> [GIVEN DATA]
——————
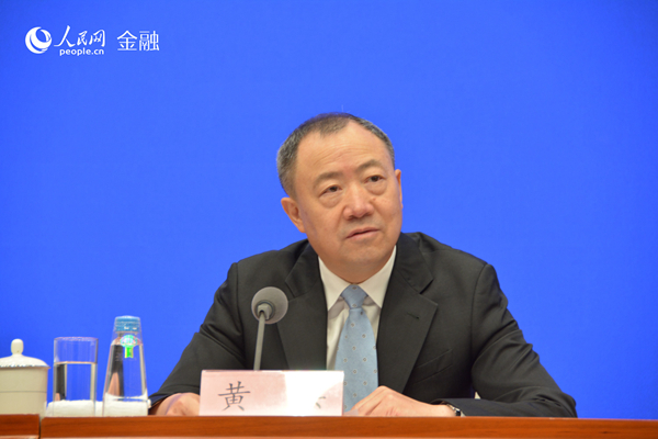 图为中国银保监会副主席黄洪发言。(人民网记者李彤 摄)
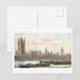 This is a recreation of a vintage travel postcard showing the Houses of Parliament in London.
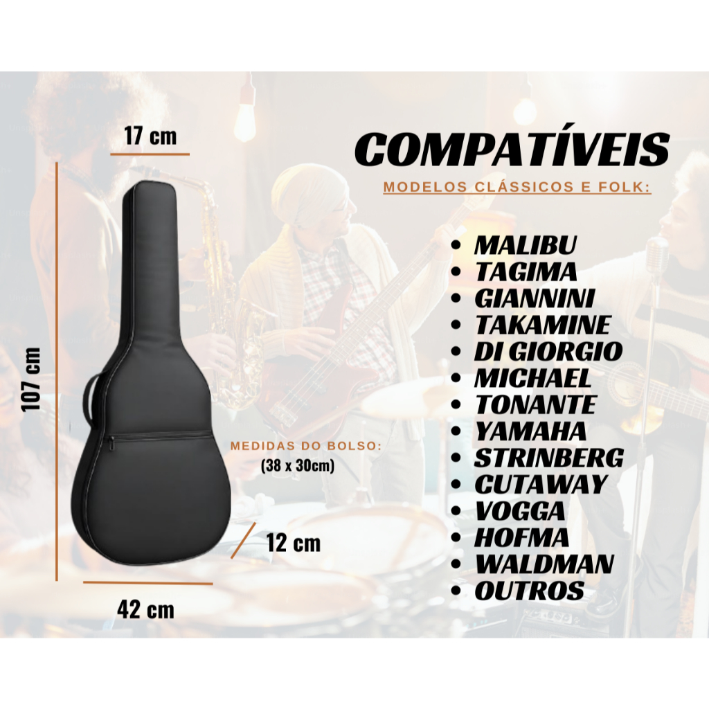 Capa Bag Extra Luxo Acolchoada Espuma Estofada P/ Violão Clássico e Folk
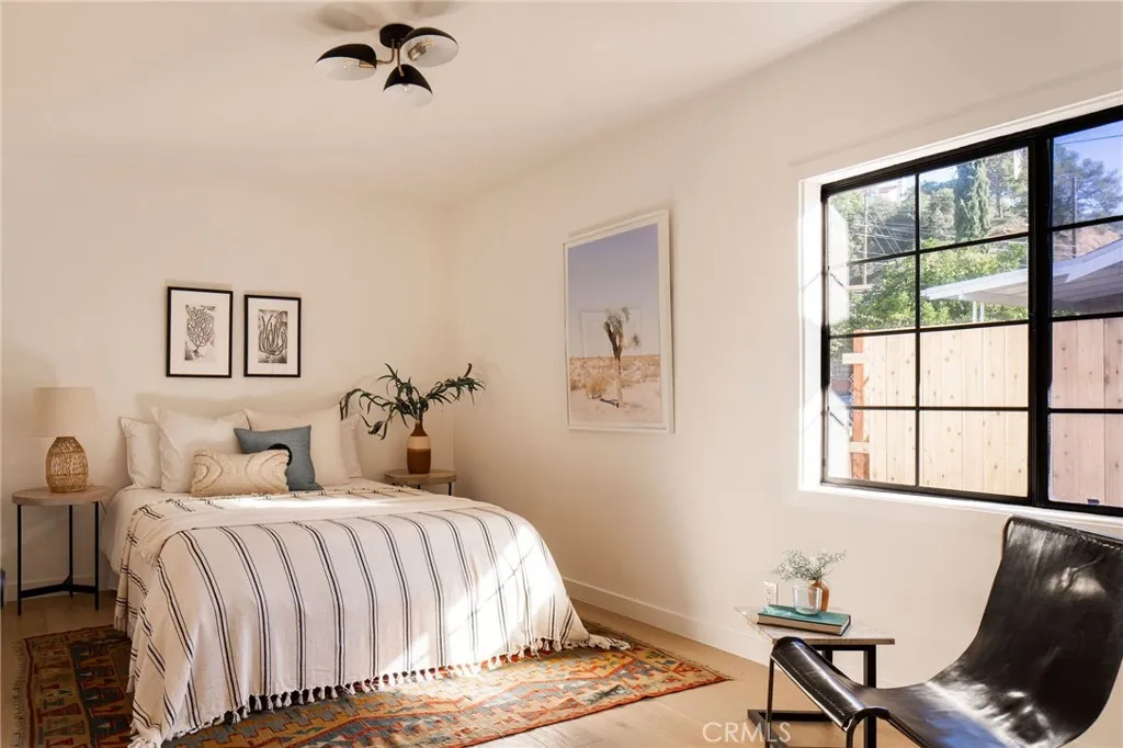 Nestled in prime Eagle Rock just below the trendy shops and eateries on nearby Colorado Blvd and a stone's throw to sought after schools awaits 4843 Genevieve Ave, a light and bright sanctuary space brought to you by K + S Collective! Upon entering the pathway through the lush fenced in front yard and into the main living space you'll find that absolutely everything has been lovingly custom designed from head to toe with thoughtful details and updated with meticulous craftsmanship. This exquisite home features three bedrooms, two baths PLUS a detached studio with its own half bath, perfect for guests, work, or creative pursuits. With warm wood flooring, updated systems, designer selected finishes, wood accents, custom wallpaper, skylights and detail work, you'll find that every space in this home has been carefully curated to create beauty, comfort and joy. The bright floor plan of the home flows with ease and the expansive living room effortlessly opens to a gorgeous chef’s kitchen that features custom built cabinetry, beverage storage, top-of-the-line appliances and an abundance of storage. Just beyond the kitchen a charming built-in banquet area serves as a picture perfect family gathering and dining space. The ultra private and dreamy primary retreat is tucked away in the back of the home and features a massive walk-in closet that could double as a creative space or nursery and a luxurious ensuite bath complete with a chic soaking tub and spa-like glass walk-in shower. There is also a huge laundry / craft room with lovely custom shelving and finish work that doubles as a sweet homework station, home office or zoom meeting headquarters! Outside, you'll find a beautiful large grassy yard perfect for lounging, play, or epic family gatherings. A long gated driveway leads to a garage that adds convenience and functionality. The adorable detached studio / guest space is located just behind the spacious garage and offers versatility galore. This sweet gem is a classic Eagle Rock dream home!
——————
> [ACTION ITEM] In the listing above, find the line with "This is a recreation" and the line with "Capa Bag Extra". Transcribe those two and everything between, exactly, leaving out pictures.

> [FINISHED TASK]
 This is a recreation of a vintage travel postcard showing the Houses of Parliament in London.
 Capa Bag Extra Luxo Acolchoada Espuma Estofada P/ Violão Clássico e Folk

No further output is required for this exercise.